Although fossil CO2 emissions have continued to increase, global average per-capita fossil emissions have been flat for the past decade. Per-capita total global emissions have been flat for much longer – since at least 1959 – though these numbers obscure large variations between countries. The figure below shows global average emissions per-capita for each year from 1959 through 2021 for both fossil CO2 (orange) and total CO2 emissions (blue).

Strong rebound in coal use and continued gas growth

Global fossil fuel emissions primarily result from the combustion of coal, oil and natural gas. Coal is responsible for more emissions than any other fossil fuel, representing approximately 41% of global fossil CO2 emissions. Oil is the second largest contributor at 32% of fossil CO2, while gas rounds out the pack at 21%.
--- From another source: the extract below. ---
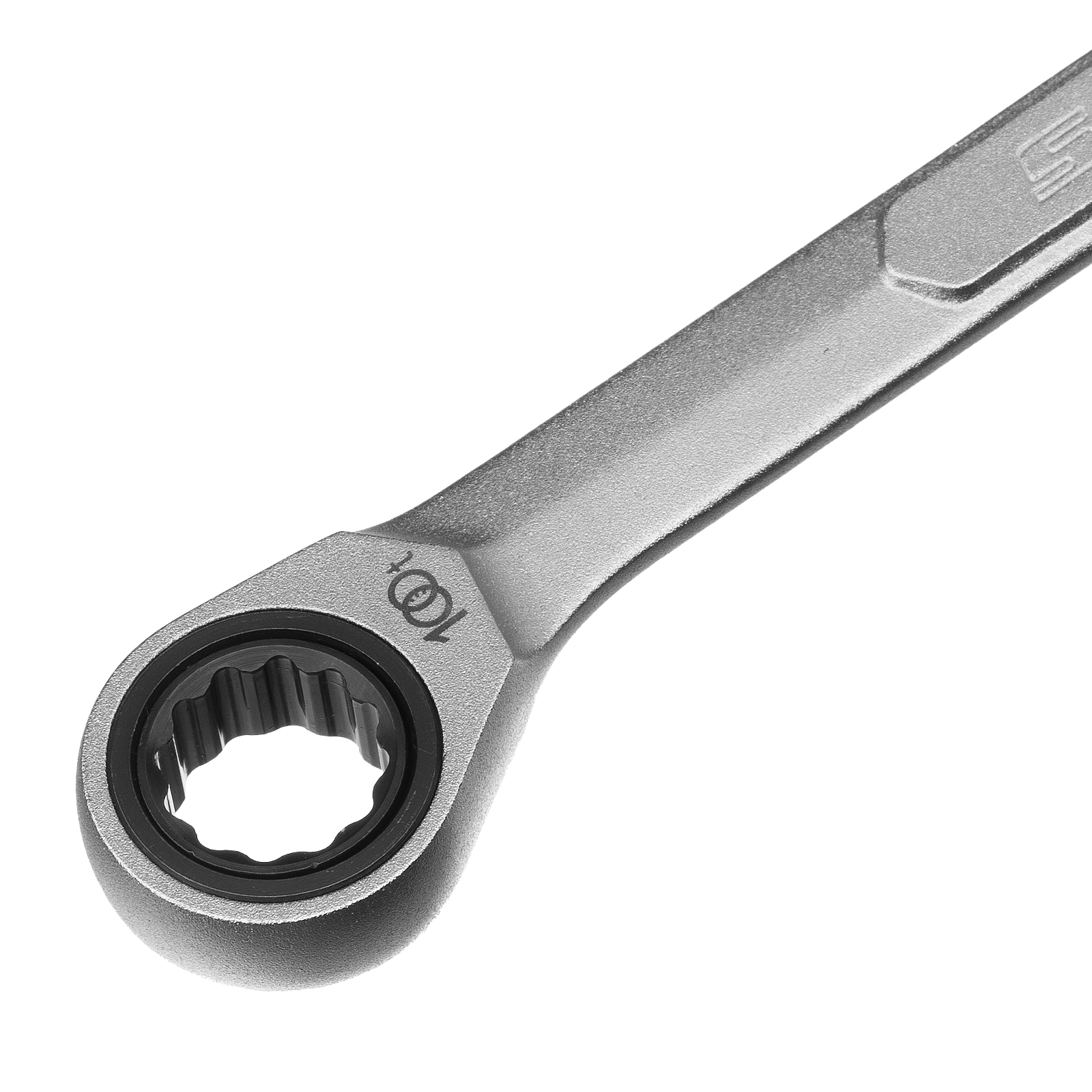 - Храповый механизм оснащен 100 зубцами, что обеспечивает плавность хода инструмента (шаг трещотки всего 3,6 градусов) и делает его удобным для работы в ограниченном пространстве.

These percentages reflect both the amount of each fossil fuel consumed globally, but also differences in CO2 intensities. Coal results in the most CO2 emitted per unit of heat or energy produced, followed by oil and natural gas.

Last year saw declines in emissions from all three fuels, with the largest drops in oil emissions (down nearly 10%) as transportation use was significantly curtailed during the height of the pandemic. Coal use also fell heavily in 2020, down 4%, while gas use fell a more modest 2%. All three fuels have rebounded in 2021, with coal emissions up more than 5% and both gas and oil emissions up 4% compared to 2020 levels.
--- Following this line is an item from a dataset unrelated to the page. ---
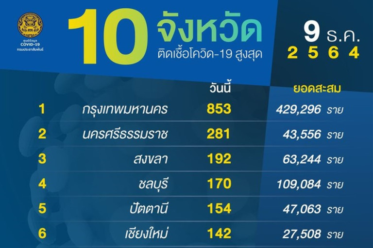 ศูนย์ข้อมูลโควิด-19 รายงานสถานการณ์โรคติดเชื้อไวรัสโควิด-19 ข้อมูล ณ วันที่ 9 ธ.ค.64 เวลา 01.00 น. ไทยยังคงพบผู้ติดเชื้อรายใหม่ใน 75 จังหวัด โดยมี 2 จังหวัดที่ไม่พบผู้ติดเชื้อรายใหม่คือ สุโขทัย และยโสธร 0 ราย กทม.ยังคงพบผู้ติดเชื้อรายใหม่มากที่สุด โดยเพิ่มขึ้นจากเมื่อวานที่ 853 ราย ขณะที่จังหวัดอื่นที่ขึ้นท็อปเท็น ตัวเลขก็ขยับเพิ่มขึ้นด้วยเช่นกัน โดยภาคใต้ที่ยังติดท็อปเท็น 4 จังหวัดคือ นครศรีธรรมราช อันดับ 2 สงขลา อันดับ 3 ปัตตานี อันดับ 5 และสุราษฎร์ธานี อันดับ 8 โดยมี 7 จังหวัดที่พบผู้ติดเชื้อรายใหม่เกินร้อย ภาคใต้ พบผู้ติดเชื้อรายใหม่เกินร้อย 3 จังหวัดคือ นครศรีธรรมราช สงขลา และป้ตตานี ภาคกลาง พบผู้ติดเชื้อรายใหม่เกินร้อย 2 จังหวัดคือ กทม. และสมุทรปราการ ภาคตะวันออก พบผู้ติดเชื้อรายใหม่เกินร้อย 1 จังหวัดคือ ชลบุรี ภาคเหนือ พบผู้ติดเชื้อรายใหม่เกินร้อย 1 จังหวัดคือ เชียงใหม่ ขณะที่ภาคตะวันออกเฉียงเหนือ-ภาคตะวันตก ไม่พบผู้ติดเชื้อรายใหม่เกินร้อย

Compared to pre-pandemic emissions in 2019, GCP projects that 2021 will see 2% higher gas emissions and 1% higher coal emissions. Oil emissions will likely remain nearly 6% below 2019 levels, reflecting lingering changes to transportation use.
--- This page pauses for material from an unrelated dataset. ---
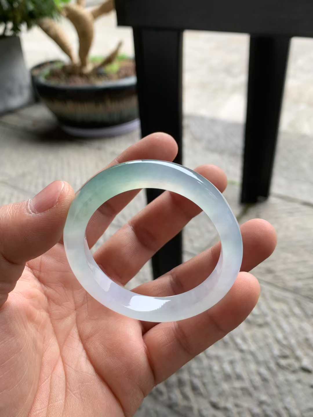 这款冰胶带色贵妃翡翠手镯,尺寸为53.5-43.6毫米,宽度9.2-7毫米,呈现冰透莹润的质感,种老且起胶,展现出细腻秀美的风采。独特的泥鳅背镯型设计,完美无纹裂,适合手腕正圈约51-51.5毫米的佩戴者,兼具典雅与收藏价值。

The total emissions for each year between 2018 and 2021, as well as the fuels that were responsible for the change in emissions, are shown in the figure below.

The GCP authors caution that there is a real risk of global coal use continuing to grow and exceeding its 2014 peak in the next few years given its current rapid growth. This is despite recent progress in restricting the financing of new coal plants, as most growth in coal capacity in the next few years is expected to be driven by domestic Indian and Chinese plants.

The figure below shows global CO2 emissions from different fuels over time. While coal emissions increased rapidly in the mid-2000s, it has plateaued since 2013. By contrast, gas and oil emissions have steadily grown prior to the pandemic.

Emissions in 2021 remain slightly below their pre-pandemic 2019 peak in large part due to persistent declines in oil use following the pandemic. However, the GCP authors warn that “a further rise in emissions in 2022 cannot be ruled out if the road transport and aviation sectors return to their pre-pandemic activity and emissions levels and coal use is stable”.

Changes to CO2 sources and sinks

Every year, the GCP provides an estimate of the global carbon budget. This is based on estimates of the release of CO2 through human activity and its uptake by the oceans and land, with the remainder adding to atmospheric concentrations of the gas.

(This differs from the commonly used term “carbon budget”, referring to the amount of CO2 that can be released while keeping warming below global limits of 1.5 or 2C.)

The most recent budget, including estimated values for 2021, is shown in the figure below. Values above zero represent sources of CO2 – from fossil fuels, cement and land use – while values below zero represent “carbon sinks” that remove CO2 from the atmosphere. CO2 emissions either accumulate in the atmosphere, or are absorbed by the oceans or land vegetation.

Atmospheric CO2 concentration increased 2.4 parts per million (ppm) in 2020 and is projected to increase by around 2ppm in 2021, resulting in atmospheric concentrations of 415ppm on average for the year. Around 47% of total CO2 emissions have remained in the atmosphere each year over the past decade, with the remainder being taken up by ocean and land sinks.

The GCP estimates that pandemic-related emissions reductions in 2020 resulted in an increase in atmospheric CO2 concentrations around 0.18ppm lower than what would have occurred in the absence of the pandemic. Lower atmospheric accumulation of CO2 in 2021 is being driven by La Niña conditions that help enhance the land carbon sink.